The controlnet_aux warning UserWarning: The module 'mediapipe' is not installed... appears unrelated.

Reproduction

Model Loading (model_loader.py excerpt):

Python
from diffusers import StableDiffusionXLControlNetPipeline, ControlNetModel, AutoencoderKL
import torch

def load_models():
vae_model_id = "stabilityai/sdxl-vae" # Also tested with "madebyollin/sdxl-vae-fp16-fix"
base_model_id = "stabilityai/stable-diffusion-xl-base-1.0"
controlnet_model_ids = [ # ControlNets are loaded but disabled via scale later
"diffusers/controlnet-depth-sdxl-1.0",
"diffusers/controlnet-canny-sdxl-1.0",
"thibaud/controlnet-openpose-sdxl-1.0",
]

# Load Standalone VAE in FP32
print(f"Loading Standalone VAE from {vae_model_id}...")
vae = AutoencoderKL.from_pretrained(vae_model_id) # Load in FP32
vae.to("cuda")
print("Standalone VAE (FP32) on CUDA.")

# Load ControlNets in FP16
print("Loading ControlNet models...")
controlnets = []
for model_id in controlnet_model_ids:
    controlnet = ControlNetModel.from_pretrained(model_id, torch_dtype=torch.float16)
    controlnets.append(controlnet)
print(f"{len(controlnets)} ControlNet models loaded.")
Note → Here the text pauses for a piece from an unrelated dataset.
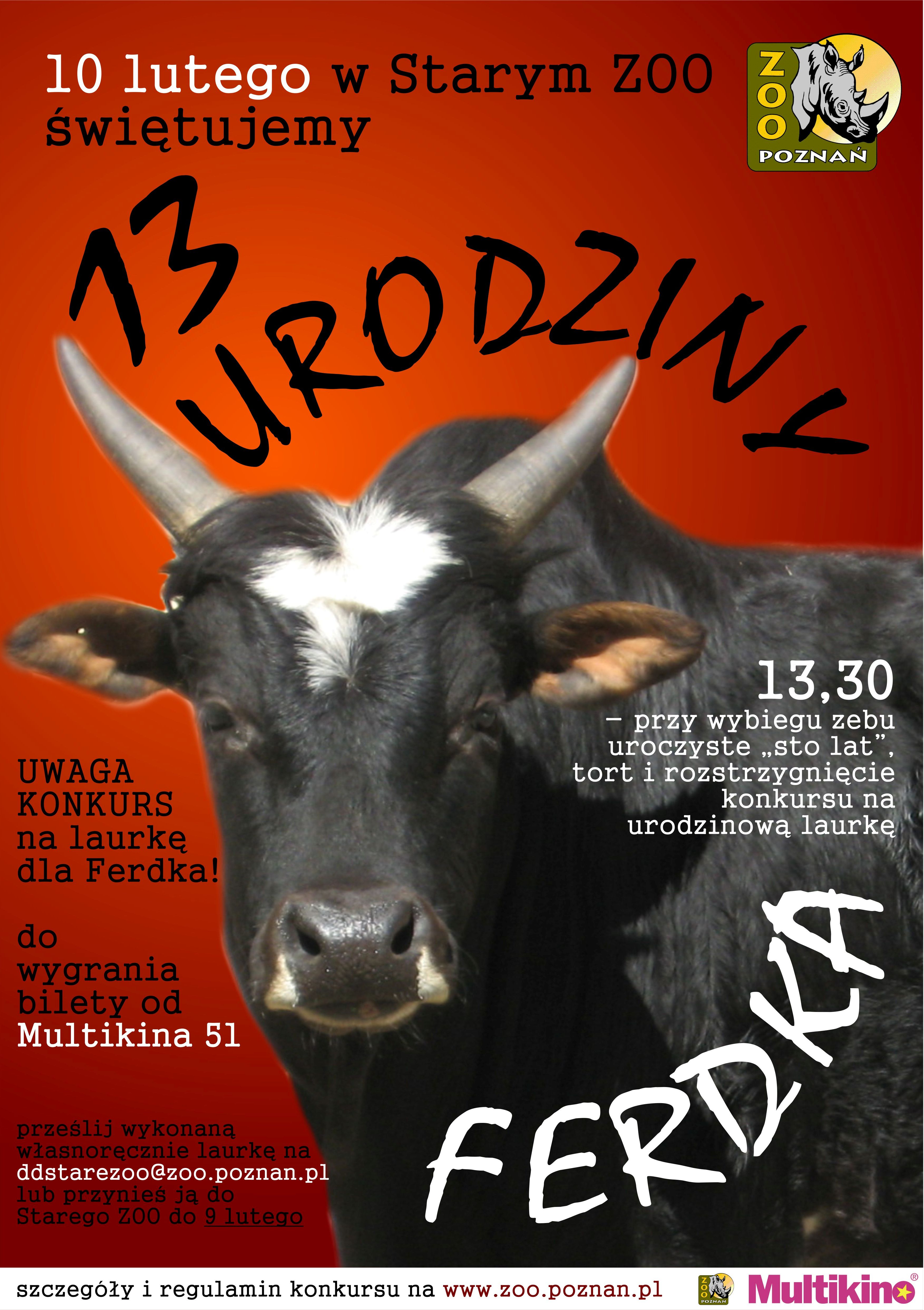 10 lutego o godz. 13.30 będziemy w Starym ZOO świętować 13 urodziny naszego byczka zebu – Ferdka! Nie zabraknie specjalnego tortu urodzinowego i odśpiewania „sto lat”. A ponieważ nie ma urodzin bez życzeń mamy propozycję – każdy kto wykona i prześle nam lub przyniesie do Starego ZOO laurkę urodzinową dla Ferdka, weźmie udział w konkursie! Na zwycięzców – autorów trzech najpiękniejszych laurek (wybranych komisyjnie przez jury) – czekają trzy podwójne zaproszenia do Multikina na dowolny film, do wykorzystania do końca 2018 roku (Ferdek oczywiście poleca film o jego „kuzynie”, „Fernando” ;-) ). Laurki – wykonane dowolną techniką – prosimy przesyłać na adres ddstarezoo@zoo.poznan.pl lub przynosić do Starego ZOO (do biura, działu dydaktycznego lub kasy Starego ZOO) do dnia 9 lutego włącznie. Laurki prosimy koniecznie zaopatrzyć w imię i nazwisko autora, jego wiek, adres e-mail i telefon kontaktowy oraz podpisane oświadczenie: „Wyrażam zgodę na przetwarzanie moich danych osobowych dla potrzeb niezbędnych do realizacji konkursu „Laurka dla Ferdka” zgodnie z ustawą z dnia 29.08.1997 r. o ochronie danych osobowych (Dz.U. z 2002 r. nr 101, poz. 926 z późn. zm.)”

# Load Base Pipeline in FP16 (does not receive the external VAE)
print(f"Loading SDXL Base Pipeline from {base_model_id}...")
base_pipe = StableDiffusionXLControlNetPipeline.from_pretrained(
    base_model_id, controlnet=controlnets,
    torch_dtype=torch.float16, variant="fp16", use_safetensors=True
)
base_pipe.to("cuda")
print("Base Pipeline on CUDA.")

# Refiner is loaded but bypassed in inference code
# ... (refiner loading code omitted for brevity, also moved to CUDA) ...
refiner_pipe = None # Placeholder as it's bypassed

# Enable Xformers if available
try: base_pipe.enable_xformers_memory_efficient_attention()
except Exception: print("Xformers not available or failed for base_pipe")
# try: refiner_pipe.enable_xformers_memory_efficient_attention() except Exception: pass

print("All models loaded.")
# Return base pipe and the separately loaded VAE
return base_pipe, refiner_pipe, vae # refiner_pipe is ignored later

Inference Logic (inference.py excerpt - Refiner skipped, CN disabled):

Python

Inside generate_image function:

... (load original_image, mask_image_pil) ...
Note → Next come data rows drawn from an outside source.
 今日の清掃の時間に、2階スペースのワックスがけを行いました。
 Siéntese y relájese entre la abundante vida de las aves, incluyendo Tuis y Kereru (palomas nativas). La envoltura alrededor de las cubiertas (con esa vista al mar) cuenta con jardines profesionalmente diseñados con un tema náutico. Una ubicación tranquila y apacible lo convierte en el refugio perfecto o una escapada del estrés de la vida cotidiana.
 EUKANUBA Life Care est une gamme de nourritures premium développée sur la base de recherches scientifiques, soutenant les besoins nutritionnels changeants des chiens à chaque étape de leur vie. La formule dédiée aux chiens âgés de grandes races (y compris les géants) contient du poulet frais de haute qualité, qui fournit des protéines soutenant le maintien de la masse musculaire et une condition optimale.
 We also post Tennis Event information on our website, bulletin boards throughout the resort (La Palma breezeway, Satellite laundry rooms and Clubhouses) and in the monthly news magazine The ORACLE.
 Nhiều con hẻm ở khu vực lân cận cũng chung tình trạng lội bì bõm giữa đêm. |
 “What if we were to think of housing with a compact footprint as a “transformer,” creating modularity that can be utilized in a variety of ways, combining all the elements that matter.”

num_loaded_nets = len(base_pipe.controlnet.nets) # Should be 3

Force disable ControlNets for this test run

scales = [0.0] * num_loaded_nets
print("DEBUG: Forcing all ControlNet scales to 0.0!")

Create placeholder conditioning images

conditioning_image_list = [original_image.resize((1024,1024))] * num_loaded_nets
image_list = [original_image.resize((1024,1024))] * num_loaded_nets

print(f"Running BASE Pipeline (ControlNets Disabled)...")

Base Pipeline (Latent Output)

num_inference_steps_base = 30
base_latents = base_pipe(
prompt=prompt, negative_prompt=negative_prompt, image=image_list,
mask_image=mask_image_pil, strength=strength,
controlnet_conditioning_image=conditioning_image_list,
controlnet_conditioning_scale=scales, # Should be [0.0, 0.0, 0.0]
guidance_scale=guidance_scale,
num_inference_steps=num_inference_steps_base,
output_type="latent",
).images
print(f"Base Pipeline finished.")

=== REFINER STEP IS SKIPPED FOR THIS TEST ===

=== VAE Decoding using standalone VAE ===

print("Starting final VAE decoding (from BASE Latents)...")

Check for NaN/Inf

print(f"DEBUG Base Latents Shape (raw): {base_latents.shape}") # e.g., torch.Size([1, 4, 128, 128])
print(f"DEBUG Base Latents Dtype (raw): {base_latents.dtype}") # e.g., torch.float16
print(f"DEBUG Base Latents Has NaN?: {torch.isnan(base_latents).any()}") # Prints False
print(f"DEBUG Base Latents Has Inf?: {torch.isinf(base_latents).any()}") # Prints False

Scale and convert latents to FP32

latents_to_decode = (base_latents[0] / vae.config.scaling_factor).to(torch.float32)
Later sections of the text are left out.